» **WHAT NEEDS TO BE DONE**:
Using the entries below, restate word for word only the lines from the one with "Features spacious flybridge, air-conditioned" to the final line, leaving the pictures out.

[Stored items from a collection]
* * *
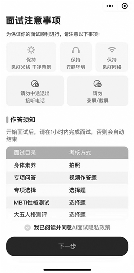 “AI测评共有5个模块,可分开作答,每个模块限时12~30分钟,收到邮件后5天内作答完成。”小蒲回忆说,面试设置看似人性化,但作答时很清楚自己是与机器人对话,感觉说什么都很假。
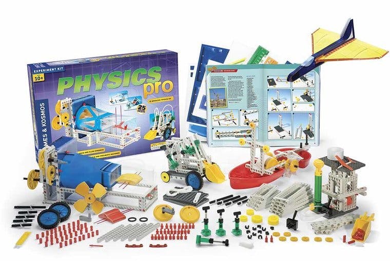 Een enorme set met allerlei uiteenlopende experimenten die je kunt maken en uitvoeren. In de doos vind je 212 onderdelen waarmee je 17 experimenten kunt doen. De meeste experimenten hebben betrekking op de combinatie van water en lucht. Je onderzoekt hoe lucht en water zich gedragen in verschillende omstandigheden, en door de modellen uit de handleiding te bouwen, ontdek je bijvoorbeeld waarom schepen blijven drijven en vliegtuigen in de lucht blijven.
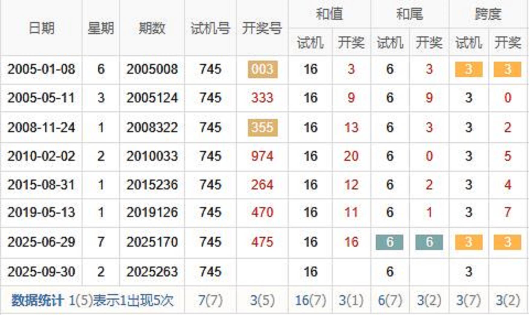 历史出现情况统计
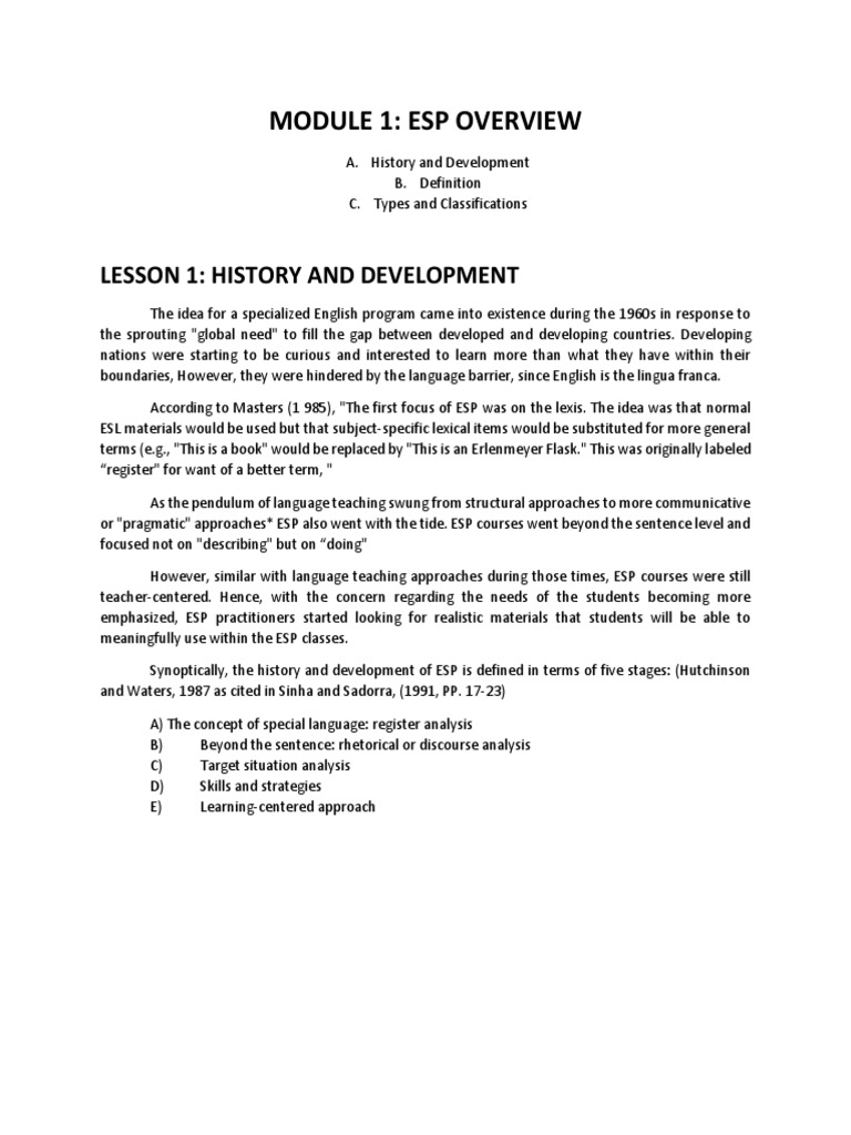 According to Masters (1 985), "The first focus of ESP was on the lexis. The idea was that normal
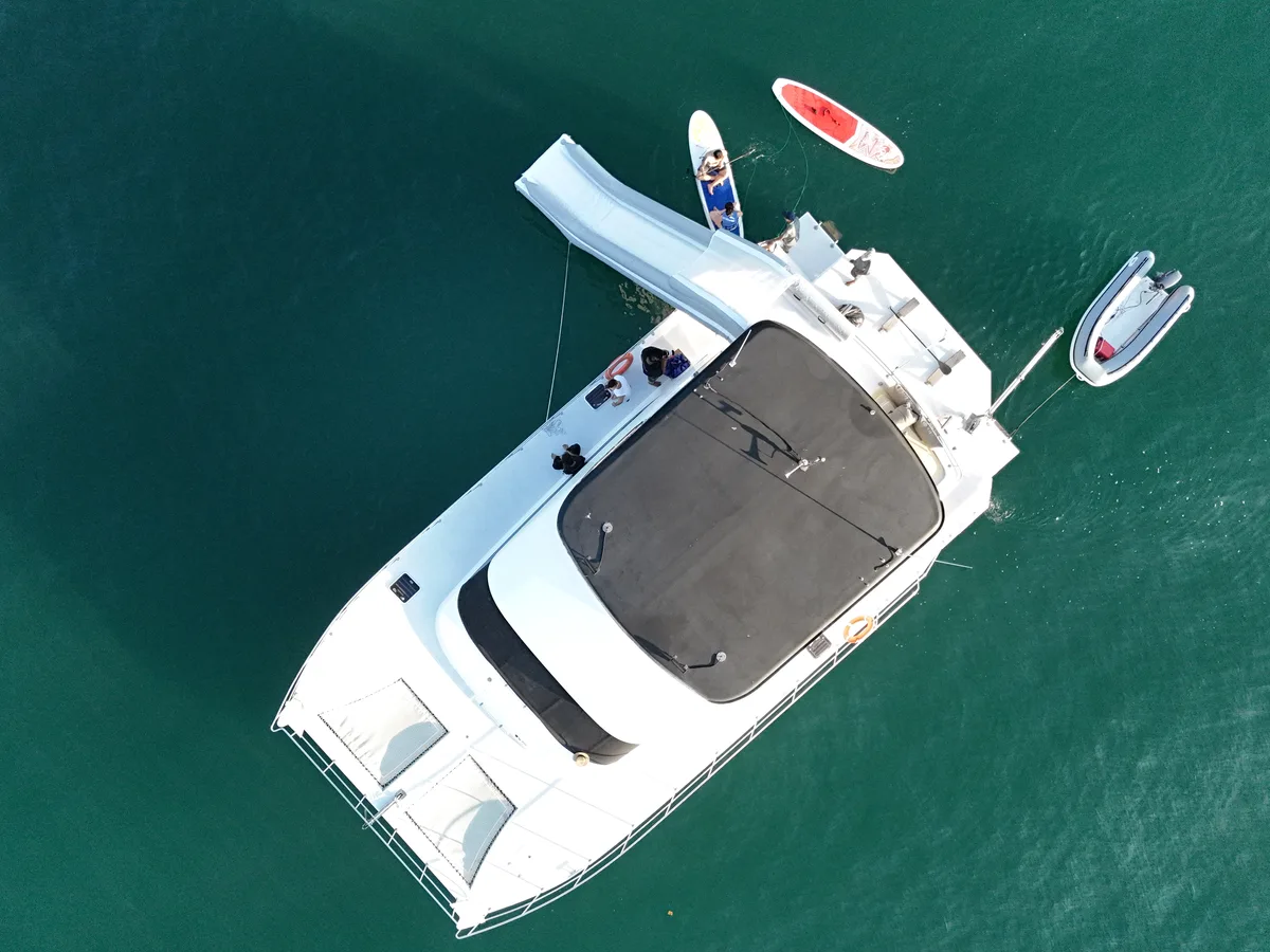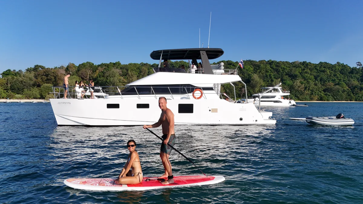 Features spacious flybridge, air-conditioned saloon, 3 cabins, waterslide, paddleboards, and snorkeling gear. Explore Phang Nga Bay's limestone cliffs, Koh Yao Yai's beaches, or Koh Hong Krabi's crystal waters.
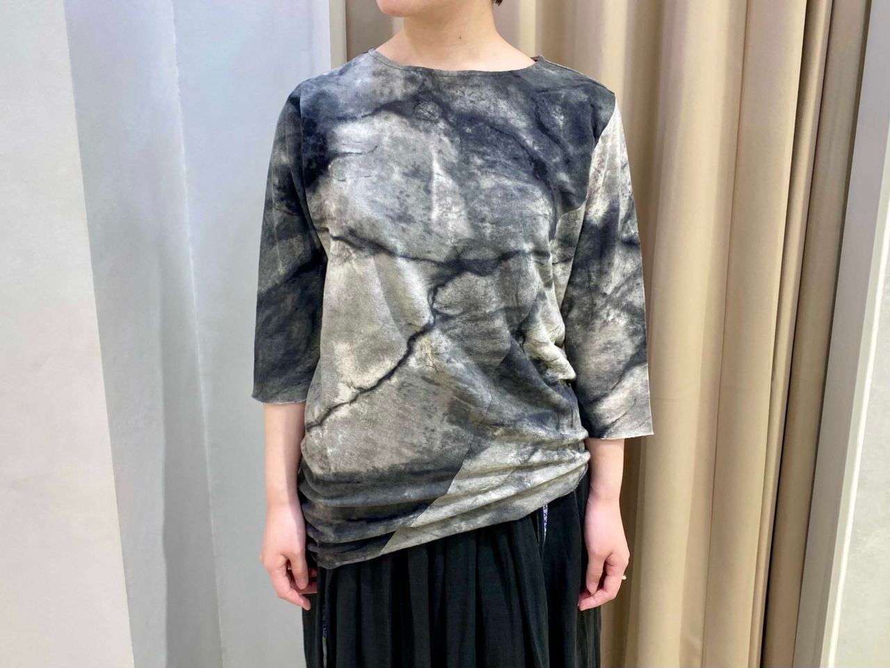 まるで大理石のような柄のカットソーがコーディネートをよりオシャレに見せてくれます。
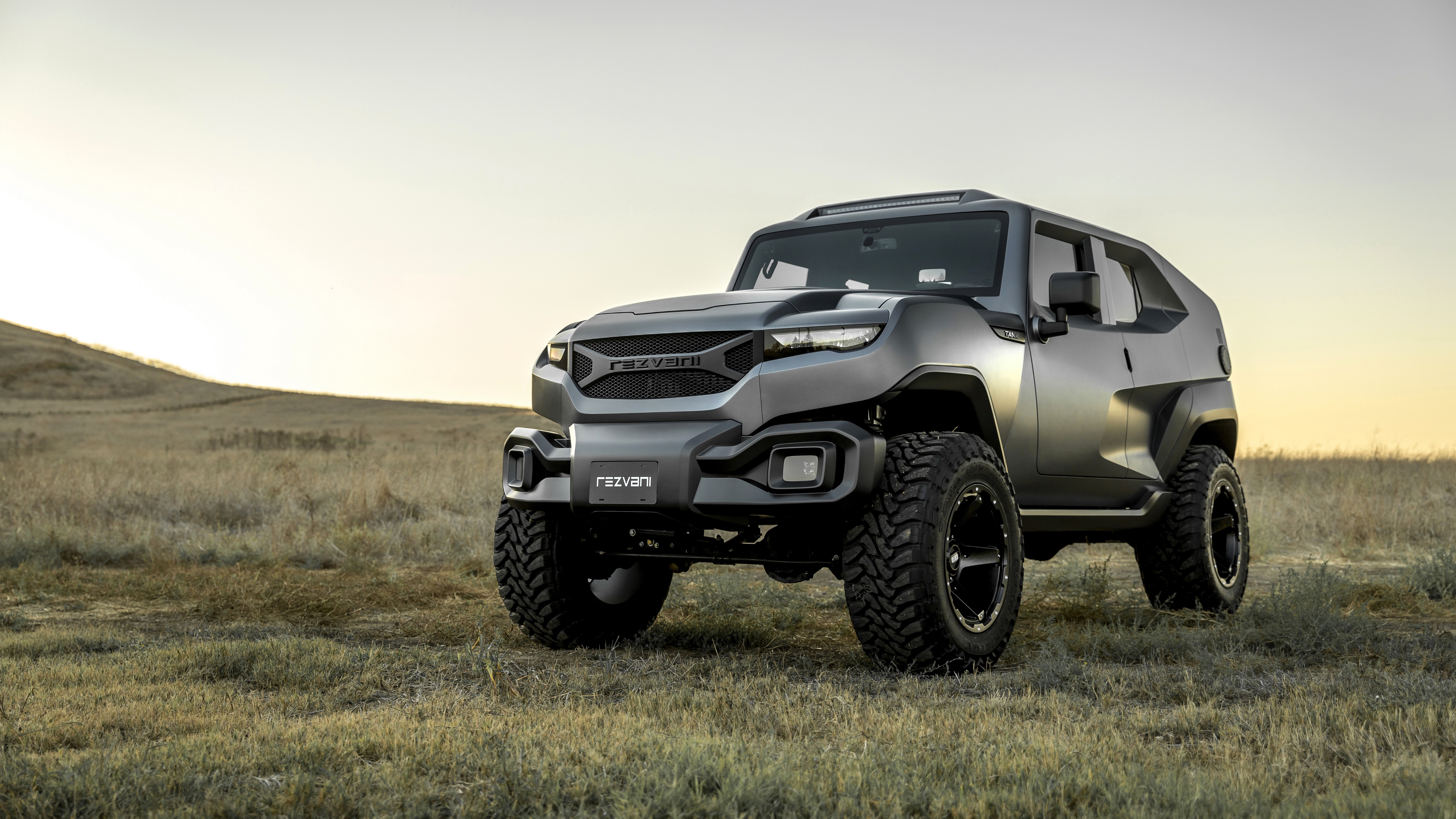 Description: A silver truck parked in a field of grass with a sky background and a hill in the background with a few clouds.
* * *
» **YOUR RESPONSE**:
 Features spacious flybridge, air-conditioned saloon, 3 cabins, waterslide, paddleboards, and snorkeling gear. Explore Phang Nga Bay's limestone cliffs, Koh Yao Yai's beaches, or Koh Hong Krabi's crystal waters.
 まるで大理石のような柄のカットソーがコーディネートをよりオシャレに見せてくれます。
 Description: A silver truck parked in a field of grass with a sky background and a hill in the background with a few clouds.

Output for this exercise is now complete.